Everything on the menu has been tickled with smoke and touched by flame, and highlights are many.
Scott Pickett is playing with fire. Taking over the ground and basement levels of the new United Places luxury boutique hotel, Matilda is the chef’s flame-, smoke- and coal-powered take on contemporary Australian dining.
That fire-fuelled open kitchen provides a dramatic entrance, while the dining room further back is masculinely opulent and comfortable – the tables are especially artful, the plump-cushioned banquette especially dreamy – and dark and moody at night.
Everything on the menu has been tickled with smoke and touched by flame, and highlights are many. Flinders Island lamb ribs are assertively smoked and salted and gnaw-the-bones great, while a signature dish of spanner crab dressed with crème fraiche and finger lime, served in its shell to spread on charred flatbread, is a bit of DIY dinner fun.

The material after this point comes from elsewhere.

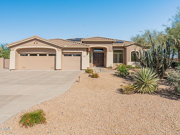 This stunning property captures the essence of Arizona living - space, privacy & natural beauty all in one. Set on a 1.3+ acre lot surrounded by mountain views and unforgettable sunsets, this meticulously maintained 2600 sqft single-level home won't disappoint. Featuring 4 bedrooms, 2.5 bathrooms, and a 3-car garage, the thoughtful floor plan balances comfort and versatility. The chef's kitchen boasts granite countertops, convenient center island, stainless appliances, gas cooktop, ample cabinetry, and a walk-in pantry - perfect for both culinary enthusiasts and entertainers. The oversized primary suite offers a true retreat, complete with a sitting area, private backyard access, and a custom walk-in closet. The large ensuite bath features a jetted soaking tub, walk-in shower, and dual sinks. Step outside to your private backyard oasis, designed for relaxation and gatherings. Enjoy the recently remodeled pebble tec pool, built-in gas BBQ, and covered patio, ideal for morning coffee or evening cocktails under the stars.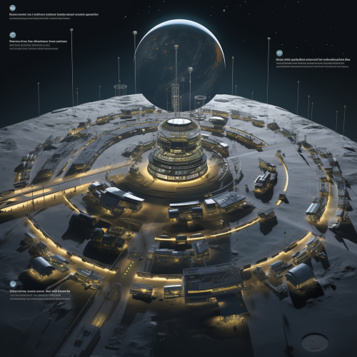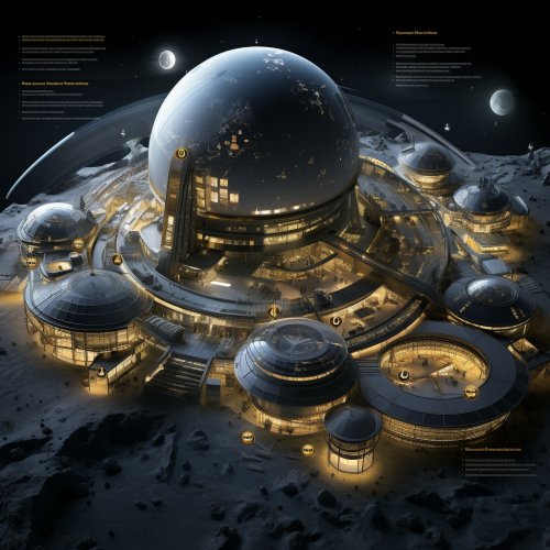 lunar habitit that includes facilities like navigation systems area ,communication systems , mapping , astronomical instruments , backup power , curved , aesthatic

Whole tiger flathead is deftly cooked over coals, its bright sauce of smoked mussels adding rich depth, while name-checked steaks including a wattleseed-crusted wagyu bavette are treated with equal skill and respect.
One of the city’s best octopus dishes – sea-salty, tender and textural with macadamia slivers – is reason enough to visit, but the toffee-sticky pink lady apple tarte Tatin to finish has just as many fans.
The wine list features a lovely selection of interest across all budgets and service is keen, the enjoyably accessible offering appealing to a broad cross-section of town.
A warm wonderland of flickering flames, Matilda is hot stuff. Thank you for smoking.